JPH11228496A - Production of polyene derivative - Google Patents

Abstract

PROBLEM TO BE SOLVED: To provide a method for selectively, and industrially advantageously producing a polyene derivative important as a medicine intermediate from a cheap raw material without passing β-ionone by subjecting a specific alcohol derivative of a polyene to a dehydration reaction. SOLUTION: An alcohol derivative of a polyene of formula I (R is a protective group of hydroxy group, such as acetyl group) is subjected to a dehydration reaction such as an acid-catalyzed reaction, a Chugaev reaction and a Burgess reaction to provide the objective polyene derivative of formula II. The alcohol derivative of the polyene is synthesized by several steps from geraniol, and either of E- and Z-geometrical isomers, a mixture thereof, and either of a racemic body and an optically active body can be used.

Description

DETAILED DESCRIPTION OF THE INVENTION

[0001]

TECHNICAL FIELD The present invention relates to a method for producing a polyene derivative which is important as a pharmaceutical intermediate.

[0002]

2. Description of the Related Art Conventionally, as a method for producing a polyene derivative represented by the following general formula (2), a C13 aldehyde (β-
Yonone) has been used as a key intermediate to increase the carbon content of the side chain. However, a method for selectively producing the polyene derivative (2) is not known. Further, the synthesis of β-yonone is a multi-step process, and is a very expensive raw material on the market.

[0003]

DISCLOSURE OF THE INVENTION The present invention provides a selective and industrially advantageous polyene derivative (2) via an intermediate consisting of C10 to C10 coupling using an inexpensive raw material without passing through β-yonone. It is intended to provide a simple manufacturing method.

[0004]

Means for Solving the Problems The present inventors have made intensive studies to solve the above-mentioned problems, and as a result, have reached the present invention. That is, the present invention relates to general formula (1) Wherein R represents a hydroxyl-protecting group. The polyene alcohol derivative represented by the general formula (2) is subjected to a dehydration reaction. (Wherein, R represents a protecting group for a hydroxyl group).

[0005]

BEST MODE FOR CARRYING OUT THE INVENTION Hereinafter, the present invention will be described in detail. In the compound represented by the general formula (1) or (2), acetyl, pivaloyl,
Acyl groups such as benzoyl and p-nitrobenzoyl; silyl groups such as trimethylsilyl, t-butyldimethylsilyl and t-butyldiphenylsilyl; tetrahydropyranyl, methoxymethyl, methoxyethoxymethyl, 1-
Examples thereof include an alkoxymethyl group such as ethoxyethyl, a benzyl group, a p-methoxybenzyl group, a t-butyl group, a trityl group, a methyl group, a trichloroethoxycarbonyl group, an allyloxycarbonyl group, and an acetyl group is preferably used.
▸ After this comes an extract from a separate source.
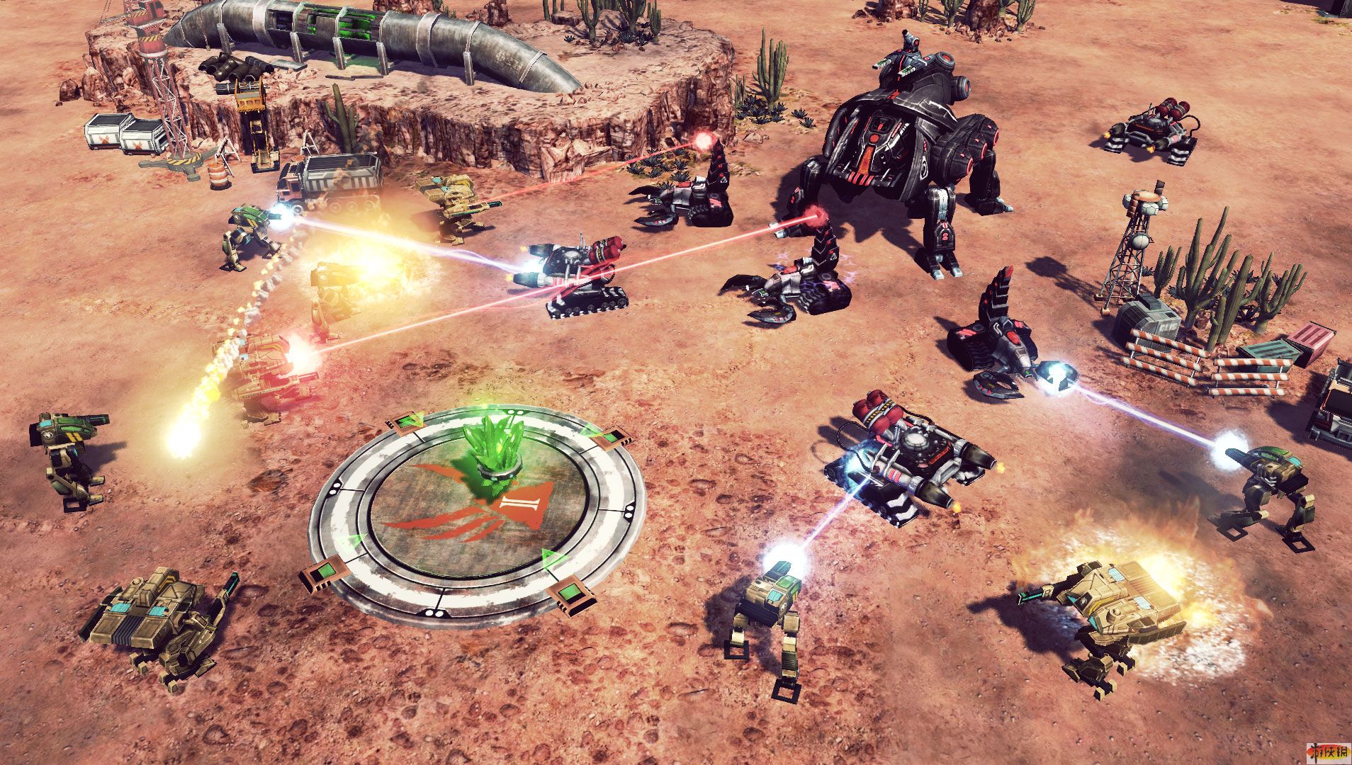 【大圓盤上那個帶著節(jié)育環(huán)的青蔥就是泰伯利亞礦了。這圖最有趣的地方在于,打擊者機甲長大了】

The dehydration reaction includes an acid catalyzed reaction, a Chugaev reaction, a Burgess reaction and the like.

First, the acid catalyzed reaction will be described. Examples of the acid catalyst include an ion exchange resin, a heteropoly acid, a Lewis acid, a proton acid, an alkali metal hydrogen sulfate, and an acid chloride. Specifically, as the ion exchange resin, a strongly acidic type having a sulfonic acid group at a terminal is preferable. Examples of the Lewis acid include titanium tetrachloride, zinc chloride, boron trifluoride ether complex, and rare earth triflate. Examples of the protic acid include sulfonic acids such as hydrobromic acid, hydrochloric acid, sulfuric acid, and trifluoromethanesulfonic anhydride, and benzoic acid. Acids and acid chlorides include thionyl chloride, phosphorus oxychloride and the like. The amount of the acid catalyst to be used is preferably 0.01 to 2 times by mole or 0.01 to 2 times by weight based on the polyene alcohol derivative (1).
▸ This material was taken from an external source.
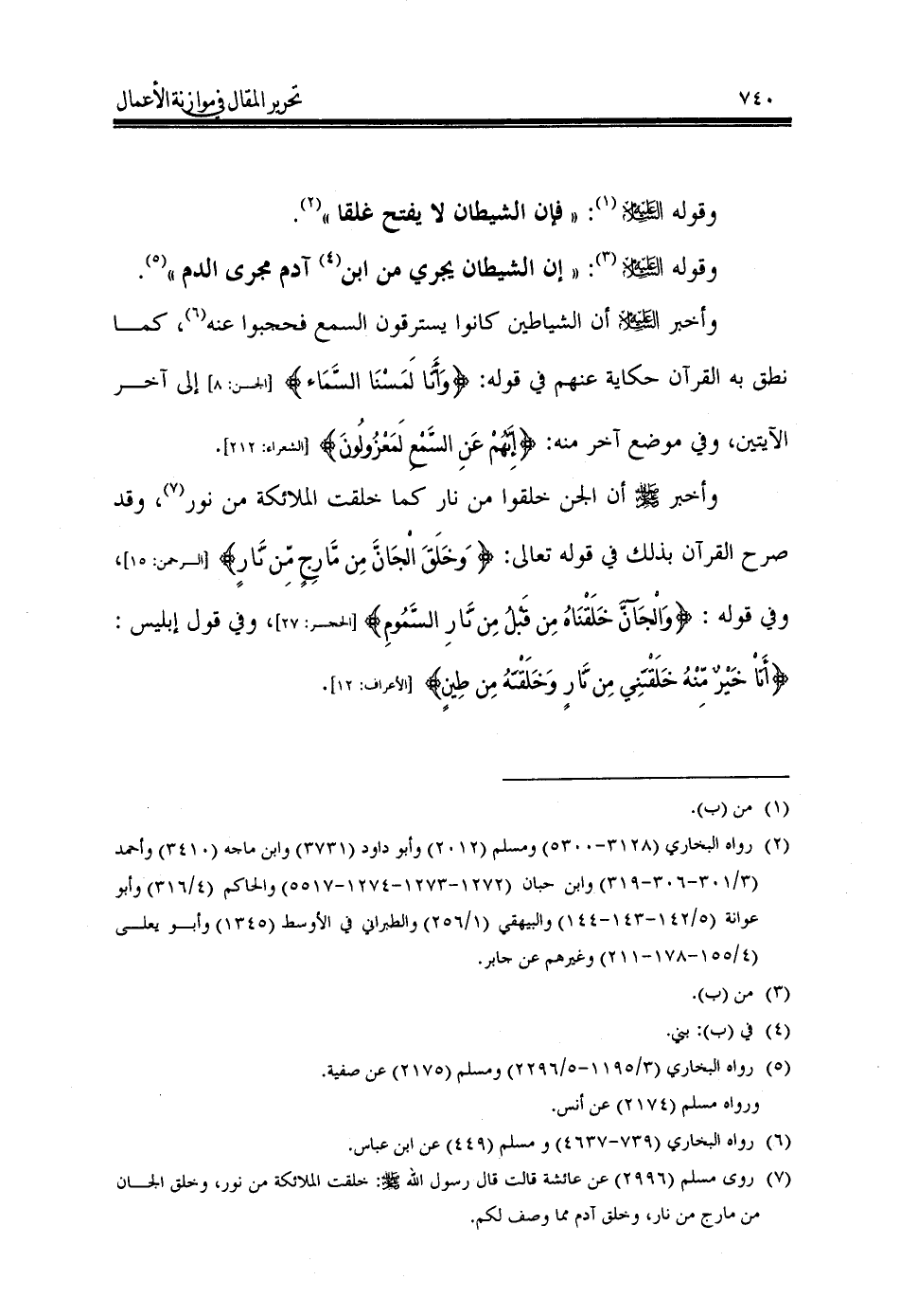 (¬7) روى مسلم (2996) عن عائشة قالت قال رسول الله - صَلَّى اللهُ عَلَيْهِ وَسَلَّمَ -: خلقت الملائكة من نور، وخلق الجان من مارج من نار، وخلق آدم مما وصف لكم.

In the acid catalyzed reaction, a single organic solvent or a mixed solvent with water is usually used, and examples of such organic solvents include hydrocarbon solvents such as n-hexane, cyclohexane, n-pentane, toluene and xylene. , Diethyl ether, tetrahydrofuran, anisole and other ether solvents; chloroform, dichloromethane, 1,2-dichloroethane, monochlorobenzene, o-dichlorobenzene and other halogen solvents, or N, N-dimethylformamide, dimethyl sulfoxide, N, N -Aprotic polar solvents such as dimethylacetamide and hexamethylphosphoric triamide.

The reaction temperature is generally in the range of -78 ° C to the boiling point of the solvent used, preferably in the range of -30 ° C to 50 ° C. The reaction time varies depending on the type of catalyst used in the reaction and the reaction temperature, but is usually in the range of about 1 to 24 hours. After the reaction, the polyene derivative (2) can be obtained by performing ordinary post-treatment operations.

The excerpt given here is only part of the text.